Além disso, a Directiva 77/388/CEE do Conselho, de 17 de Maio de 1977, relativa à harmonização das legislações dos Esatados-membros respeitantes aos impostos sobre o volume de negócios — Sistema comum do imposto sobre o valor acrescentado: matéria colectável uniforme QO L 145, p. 1; EE 09 Fl p. 54), dispõe, no seu artigo 2.°, que as importações de bens estão sujeitas a IVA, quer sejam efectuadas por um sujeito passivo quer não.

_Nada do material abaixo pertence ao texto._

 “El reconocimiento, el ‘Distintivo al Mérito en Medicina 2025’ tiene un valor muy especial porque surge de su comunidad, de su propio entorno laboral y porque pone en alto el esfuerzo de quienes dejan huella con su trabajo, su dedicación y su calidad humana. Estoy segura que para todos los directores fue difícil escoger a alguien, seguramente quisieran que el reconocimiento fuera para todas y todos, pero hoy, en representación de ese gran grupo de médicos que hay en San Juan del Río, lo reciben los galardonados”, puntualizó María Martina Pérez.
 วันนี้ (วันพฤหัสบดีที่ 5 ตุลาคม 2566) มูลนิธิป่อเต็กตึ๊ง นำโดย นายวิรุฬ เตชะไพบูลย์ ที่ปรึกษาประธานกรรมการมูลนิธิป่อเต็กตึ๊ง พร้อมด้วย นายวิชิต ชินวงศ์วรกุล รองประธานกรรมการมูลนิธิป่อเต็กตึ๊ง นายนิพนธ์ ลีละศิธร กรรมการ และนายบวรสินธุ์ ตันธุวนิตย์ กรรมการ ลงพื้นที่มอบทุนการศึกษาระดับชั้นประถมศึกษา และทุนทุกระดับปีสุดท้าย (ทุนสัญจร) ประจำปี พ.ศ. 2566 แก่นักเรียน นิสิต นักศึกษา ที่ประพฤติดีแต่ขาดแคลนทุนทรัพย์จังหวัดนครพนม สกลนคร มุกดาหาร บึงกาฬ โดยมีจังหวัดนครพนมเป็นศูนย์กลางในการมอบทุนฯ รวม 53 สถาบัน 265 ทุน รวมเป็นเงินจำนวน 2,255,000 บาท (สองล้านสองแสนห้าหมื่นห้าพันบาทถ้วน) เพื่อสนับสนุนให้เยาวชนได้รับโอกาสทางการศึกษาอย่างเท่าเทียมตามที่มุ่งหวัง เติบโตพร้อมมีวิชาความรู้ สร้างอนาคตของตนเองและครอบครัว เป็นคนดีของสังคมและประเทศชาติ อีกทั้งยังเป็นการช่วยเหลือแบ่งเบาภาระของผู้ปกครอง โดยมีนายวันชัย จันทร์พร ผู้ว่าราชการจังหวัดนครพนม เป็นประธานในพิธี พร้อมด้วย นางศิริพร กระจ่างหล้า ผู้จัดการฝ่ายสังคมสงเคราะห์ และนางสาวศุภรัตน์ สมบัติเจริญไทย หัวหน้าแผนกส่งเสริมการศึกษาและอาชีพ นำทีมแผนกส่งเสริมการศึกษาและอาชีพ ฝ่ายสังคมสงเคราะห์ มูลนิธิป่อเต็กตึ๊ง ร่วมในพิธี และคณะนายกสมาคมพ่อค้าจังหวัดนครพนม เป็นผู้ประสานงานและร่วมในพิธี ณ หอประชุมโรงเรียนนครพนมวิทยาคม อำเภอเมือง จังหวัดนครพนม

Interrogado sobre a questão de.saber se a tributação em IVA aquando da importação de um bem proveniente de um Estado-membro, entregue por um particular, era conforme ao artigo 95.° do Tratado CEE, quando o IVA não é cobrado no momento da entrega de bens entre particulares no interior do Estado-membro de importação, o Tribunal de Justiça esclareceu, no seu acórdão de 5 de Maio de 1982, Gaston Schul I (15/81, Recueil, p. 1409), que
«para apreciar a compatibilidade com as exigências do artigo 95.° da aplicação do IVA aos produtos provenientes de outro Estado-membro entregues por particulares, na medida em que a entrega de produtos similares efectuada por particulares no interior do Estado-membro de importação não é tributada, deve ter-se ainda em consideração o IVA cobrado no Estado-membro de exportação. Portanto, na medida em que tal produto importado entregue por um particular, e que não pode legalmente ser desagravado no momento da exportação, se mantém efectivamente onerado, no momento da sua importação, por uma parte do IVA pago no Estado-membro de exportação, o montante do IVA exigível aquando da importação deve ser diminuído da parte residual do IVA do Estado-membro de exportação que está ainda incorporada no valor do produto no momento da exportação. O montante que assim deve ser diminuído não pode, no entanto, ser superior ao montante do IVA efectivamente pago no Estado-membro de exportação»? ( *2 )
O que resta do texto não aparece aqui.